Я почему-то почувствовала себя лишней. Лиля словно не замечала меня. Прошла в комнату, я за нею. Вдруг она обернулась и стала как вкопанная. Она стояла очень близко. Так близко, что я рассмотрела зрачки в непроглядной темени ее красивых глаз.

— Знаю, что ты обо мне думаешь, — глухо проговорила Лиля. — Разбила семью. Бросила мать. Димка из-за меня в Чечню уехал. Так?

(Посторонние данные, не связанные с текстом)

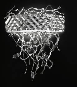 Каркас изготовлен из металла, декоративные элементы и подвески из кристаллов Swarovski. Доступен в следующих цветовых сочетаниях: белый матовый и светлое золото или сталь; черный матовый и светлое золото или сталь; черная фольга и светдлое золото или сталь; светлое золото; сталь.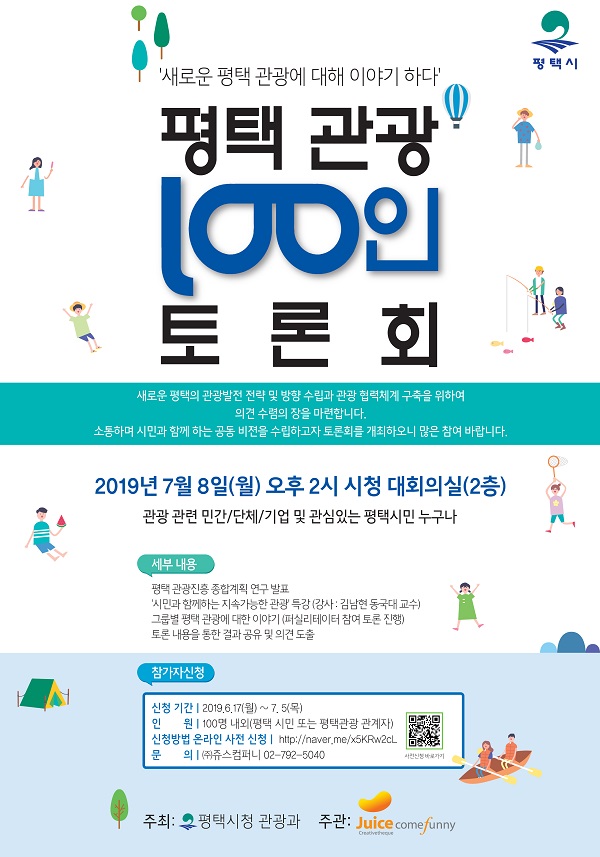 ÆòÅýÃ(½ÃÀå Á¤Àå¼±)´Â ¿À´Â 7¿ù 8ÀÏ ½Ãû ´ëȸÀǽǿ¡¼­ ½Ã¹Î, ´Üü, ±â¾÷, Àü¹®°¡, °ø¹«¿ø µî 100¿©¸íÀ» ÃÊûÇÏ¿© ÆòÅýà °ü±¤ÁøÈï Á¾ÇÕ°èȹ ¼ö¸³À» À§ÇÑ 100ÀÎ ¿øÅ¹Åä·Ðȸ¸¦ °³ÃÖÇÑ´Ù.

— Не судите да не судимы… — скороговоркой начала я.

— Оставь, наслушалась, — вяло махнула она рукой и отошла к окну.

Из-за неправильной планировки все комнаты на южной стороне нашего дома получились узкие и длинные. Мою каморку мама называла узкоколейкой. И сейчас Лилия стояла далеко от меня, на противоположном конце путей. Напряжение нарастало. Я решила молчать. Во-первых, потому, что не знала, что сказать — «Прими мои соболезнования» или еще какую избитую фразу? Во-вторых, не я к ней пришла, а она ко мне. Ей и карты в руки. Не оборачиваясь, Лиля заговорила:

— Не думала, что придется снова оказаться в этом городе.

Я с трудом разбирала слова. Рассматривая пейзаж за окном, Лиля продолжала:

— А здесь ничего не изменилось. Время застыло, как муха в янтаре. Все те же дома, все те же лица. В июле также выгорают трава и небо. Пахнет бензином и горячей пылью. Все знакомо. Привыкать не надо.